2. The method of claim 1, wherein, The step of segmenting the input tensor of the first operator according to the segmentation information of the first operator to obtain K sets of input tensors includes: Determine the target segmentation axis, which is one of the N segmentable axes; Based on the segmentation information of the first operator, determine the segmentation method corresponding to the axis type of the target segmentation axis in the first operator; Based on the segmentation method corresponding to the axis type of the target segmentation axis in the first operator, the input tensor of the first operator is segmented to obtain the K sets of input tensors.
3. The method of claim 2, wherein, Based on the segmentation method corresponding to the axis type of the target segmentation axis in the first operator, the input tensor of the first operator is segmented to obtain the K sets of input tensors, including: According to the segmentation method, determine the Q first input tensors including the target segmentation axis in the first operator and the position of the target segmentation axis in each of the Q first input tensors, where Q is a positive integer greater than or equal to 1; Based on the axis type of the target splitting axis in the first operator and the number K of the target computing resources, each of the Q first input tensors is split to obtain Q groups of second input tensors, wherein each group of the Q groups of second input tensors includes K second input tensors; The K sets of input tensors are obtained based on the Q-group second input tensor and the input tensor of the undivided first operator.
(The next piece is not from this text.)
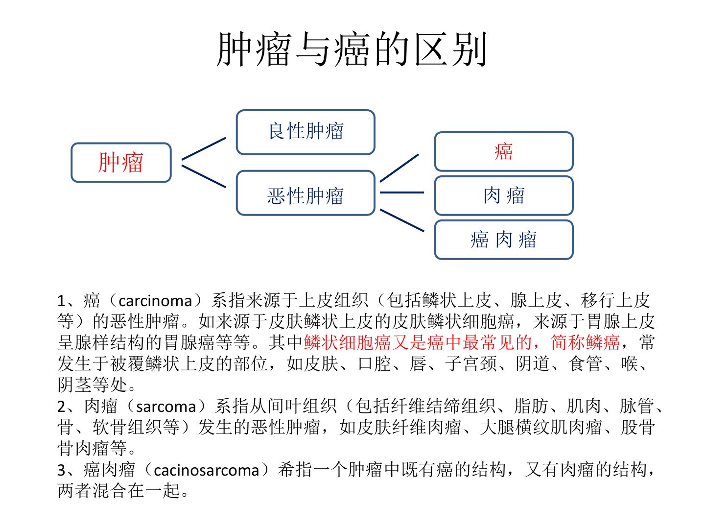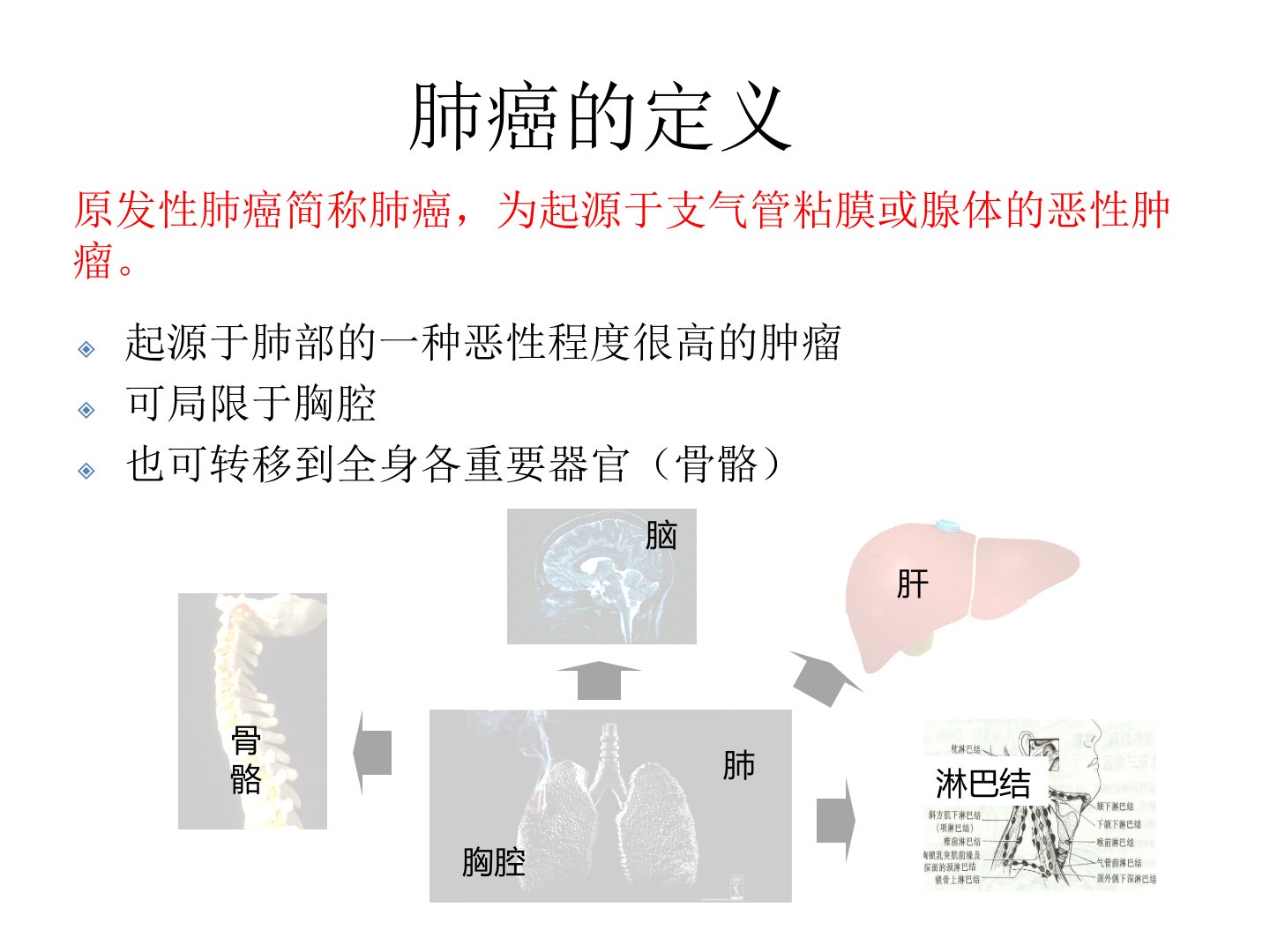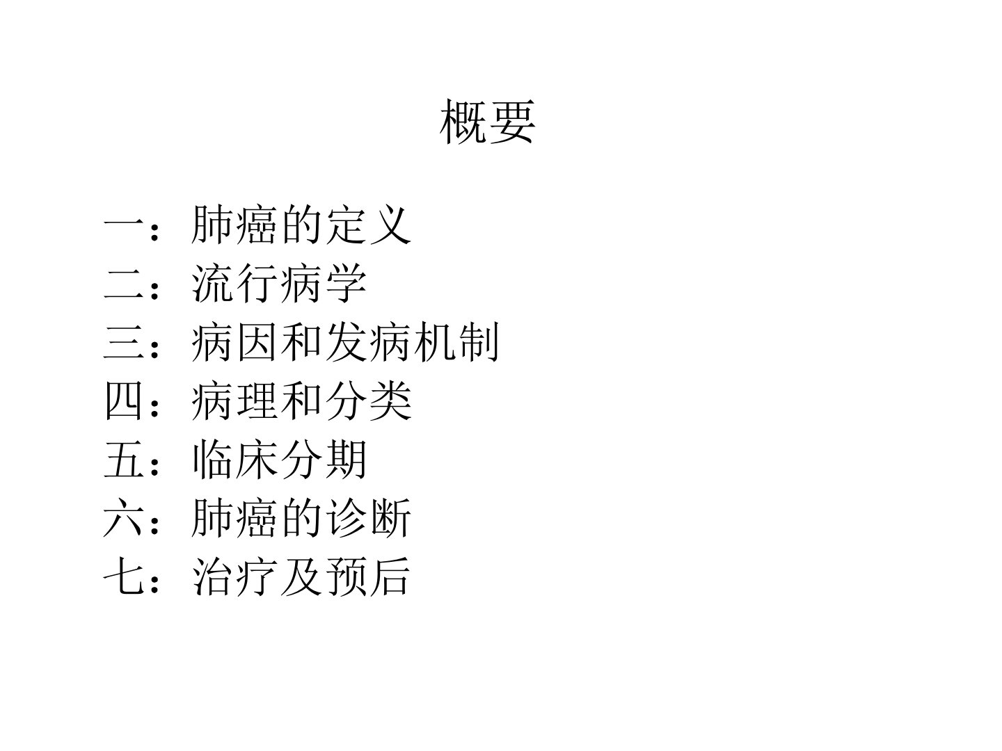 概要一:肺癌的定义二:流行病学三:病因和发病机制四:病理和分类五:临床分期六:肺癌的诊断七:治疗及预后肺癌的定义起源于肺部的一种恶性程度很高的肿瘤可局限于胸腔也可转移到全身各重要器官(骨骼)原发性肺癌简称肺癌,为起源于支气管粘膜或腺体的恶性肿瘤。肿瘤与癌的区别1、癌(carcinoma)系指来源于上皮组织(包括鳞状上皮、腺上皮、移行上皮等)的恶性肿瘤。如来源于皮肤鳞状上皮的皮肤鳞状细胞癌,来源于胃腺上皮呈腺样结构的胃腺癌等等。其中鳞状细胞癌又是癌中最常见的,简称鳞癌,常发生于被覆鳞状上皮的部位,如皮肤、口腔、唇、子宫颈、阴道、食管、喉、阴茎等处。 2、肉瘤(sarcoma)系指从间叶组织(包括...

4. The method of claim 1, wherein, If the operator used to perform the computational task further includes a second operator, the second operator includes P separable axes, wherein the P separable axes are a subset of the N separable axes. The step of segmenting the input tensor of the first operator according to the segmentation information of the first operator to obtain K sets of input tensors includes: The segmentation information of the second operator is obtained from the operator segmentation information database. The segmentation information of the second operator includes the axis type and second position information of the p-th segmentable axis among the P segmentable axes in the second operator. The second position information is used to indicate the position of the p-th segmentable axis in the input tensor of the second operator. The input tensor of the second operator is the output tensor of the first operator. P is a positive integer greater than or equal to 1 and less than or equal to N, p = 1, ..., P. Based on the segmentation information of the first operator and the segmentation information of the second operator, P segmentation reference information is determined. The p-th segmentation reference information among the P segmentation reference information includes: the axis type of the p-th segmentable axis in the first operator, the axis type of the p-th segmentable axis in the second operator, and the position of the p-th segmentable axis in the input tensor of the first operator. Based on the P segmentation reference information, P groups of candidate segmentation methods are determined, wherein the p-th group of candidate segmentation methods in the P groups of candidate segmentation methods includes at least one segmentation method; Based on the time required to complete the computation task for each of the candidate segmentation methods in group P, determine the target segmentation method; According to the target segmentation method, the input tensor of the first operator is segmented to obtain K sets of input tensors.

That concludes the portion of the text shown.